The FDA was designed to be an independent regulatory body. In recent decades, however, it has developed extensive ties to industry, both directly through user fees, and indirectly through its symbiotic relationships with non-profit organizations and lobbying groups. The financial dependence it has developed upon the pharmaceutical industry poses a very real threat to its ability to maintain effective regulatory independence. At the start of the COVID-19 crisis, essentially half of the FDA’s budget was paid for by the pharmaceutical industry, making the agency beholden to the very corporations it is meant to regulate.

Before any data was available on the safety or efficacy of the COVID-19 vaccines, the FDA worked with the Reagan-Udall Foundation to develop a pre-marketing campaign to increase confidence in and overall uptake of the forthcoming COVID-19 genetic vaccines.

The Reagan-Udall Foundation for the FDA—a Congressionally-created non-profit organization established to support the operations and improvement of the FDA—is heavily funded by pharmaceutical companies, as well as by associations that represent pharmaceutical interests. A key project led by the Foundation, the COVID-19 Evidence Accelerator, sponsored a deeply flawed meta-analysis that had the effect of undermining claims—based upon abundant real-world evidence from treating physicians—for the safety and efficacy of hydroxychloroquine and azithromycin when used in combination to treat the early phase of COVID-19. The apparent invalidation of this treatment option ultimately enabled the Foundation’s pharmaceutical funders to successfully pursue Emergency Use Authorizations for their more expensive experimental products.
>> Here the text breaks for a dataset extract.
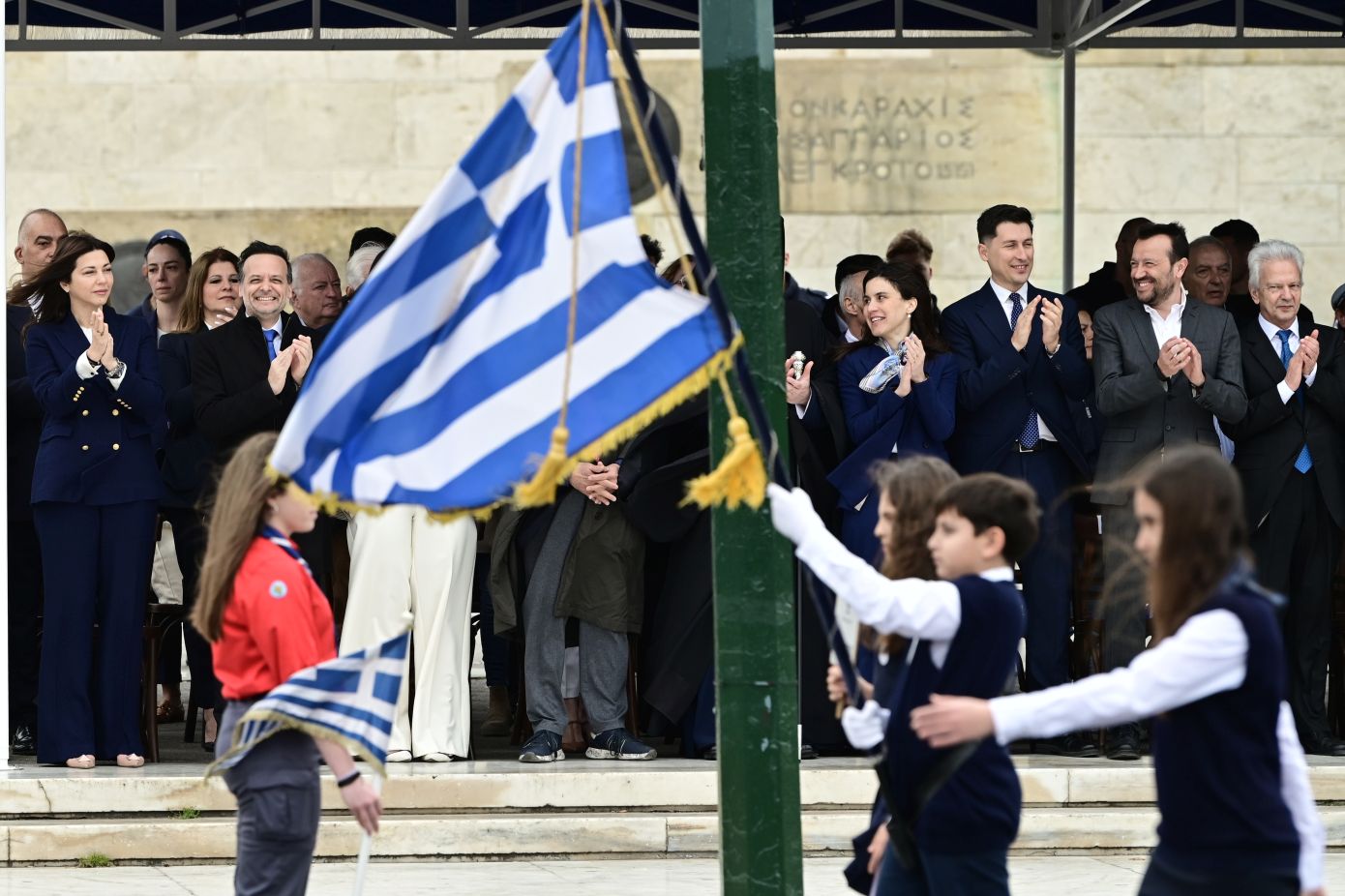 Πλήθος κόσμου βρέθηκε στην πλατεία Συντάγματος και χειροκρότησε τα παιδιά, που παρέλασαν παρουσία της υπουργού Παιδείας, Θρησκευμάτων και Αθλητισμού, Σοφίας Ζαχαράκη, του προέδρου της Βουλής, Νικήτα Κακλαμάνη, του δήμαρχου Αθηναίων, Χάρη Δούκα, και άλλων επισήμων.

The Alliance for a Stronger FDA is an association that represents the voice of the pharmaceutical industry to government and the public. Its membership consists of pharmaceutical companies as well as other organizations and coalitions that are not mandated to serve the public interest, but are, on the contrary, purpose-built to promote private corporate interests.

As thoroughly demonstrated above, the FDA is financially dependent on pharmaceutical companies. Through the Reagan-Udall Foundation, it engaged in pre-marketing activities to promote the COVID-19 vaccines before these products were deemed safe, and played a role in undermining an established treatment protocol that would have blocked access to EUA by its pharmaceutical industry sponsors. These facts call into question the FDA’s ability to fulfill its regulatory mandate and objectively evaluate the various COVID-19-related pharmaceutical products.